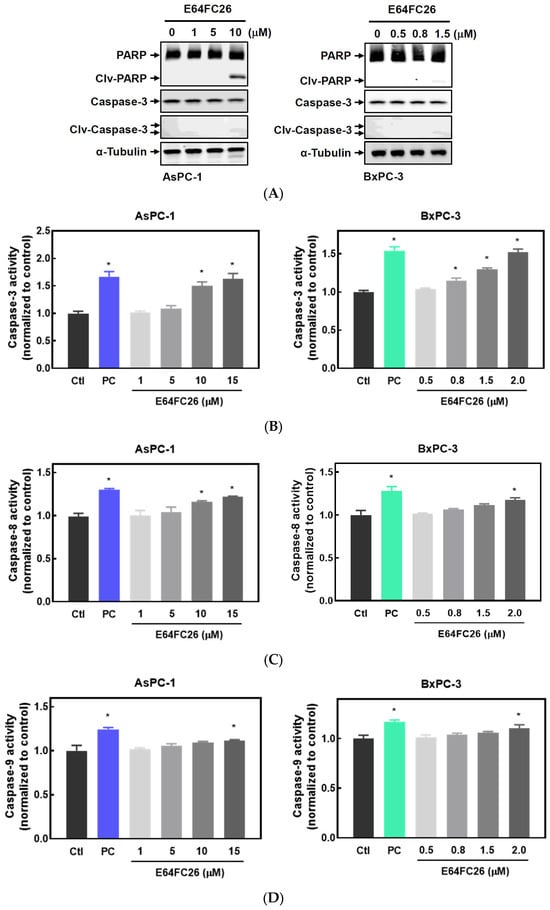 Effects of E64FC26 on activation of caspases in human pancreatic ductal adenocarcinoma (PDAC) cells. (A) AsPC-1 and BxPC-3 cells were treated with different concentrations of E64FC26 for 24 h, and protein levels of the poly(ADP ribose) polymerase (PARP) and caspase-3 proteins were determined by Western blotting. (B–D) AsPC-1 and BxPC-3 cells were treated with different concentrations of E64FC26 for 24 h, and activities of (B) caspase-3, (C) caspase-8, and (D) caspase-9 were detected with a caspase colorimetric assay kit. Concentrations of 1 µM and 100 nM of staurosporine were respectively used as positive controls (PCs) in AsPC-1 and BxPC-3 cells. Each data point is presented as the mean ± S.E. of three independent experiments. * p < 0.05 vs. the control (Ctl) group.
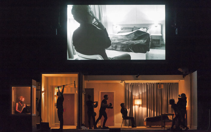 Katie Mitchell costruisce sul palcoscenico un set con tre macchine da presa che seguono morbosamente, in presa diretta, la dinamica tra i due protagonisti; l’obiettivo vero dell’osservazione non sono i singoli personaggi quanto le categorie che rappresentano, i generi: il Maschile e il Femminile. Un viaggio nelle pieghe più profonde dell’eros, tra voyeurismo e pornografia. L’intento è quello di restituire la profondità del divario che separa l’uomo e la donna, il maschile e il femminile.
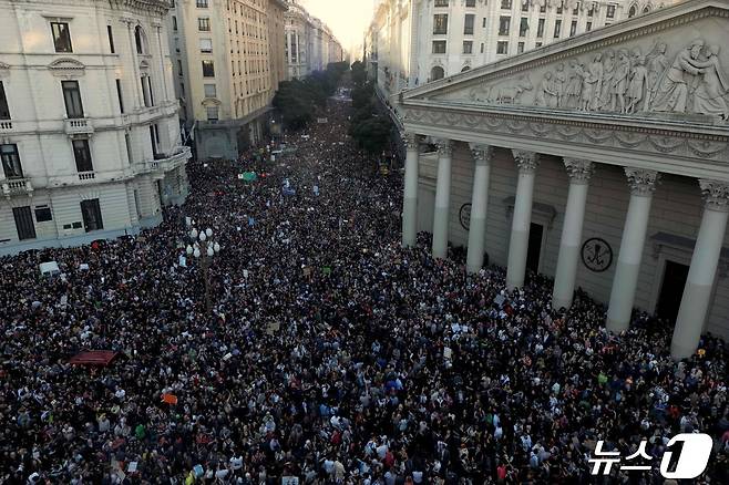 (부에노스 아이레스 AFP=뉴스1) 최종일 기자 = 23일(현지시간) 아르헨티나 부에노스 아이레스에서 정부의 공립 대학 지원 예산 삭감에 항의하는 대학생 수 만 명이 시위를 벌이고 있다. 2024.04.23
§
Each line from the one containing "Katie Mitchell costruisce" to the final line of the data must be printed exactly, both included, with nothing else and no pictures.

 Katie Mitchell costruisce sul palcoscenico un set con tre macchine da presa che seguono morbosamente, in presa diretta, la dinamica tra i due protagonisti; l’obiettivo vero dell’osservazione non sono i singoli personaggi quanto le categorie che rappresentano, i generi: il Maschile e il Femminile. Un viaggio nelle pieghe più profonde dell’eros, tra voyeurismo e pornografia. L’intento è quello di restituire la profondità del divario che separa l’uomo e la donna, il maschile e il femminile.
 (부에노스 아이레스 AFP=뉴스1) 최종일 기자 = 23일(현지시간) 아르헨티나 부에노스 아이레스에서 정부의 공립 대학 지원 예산 삭감에 항의하는 대학생 수 만 명이 시위를 벌이고 있다. 2024.04.23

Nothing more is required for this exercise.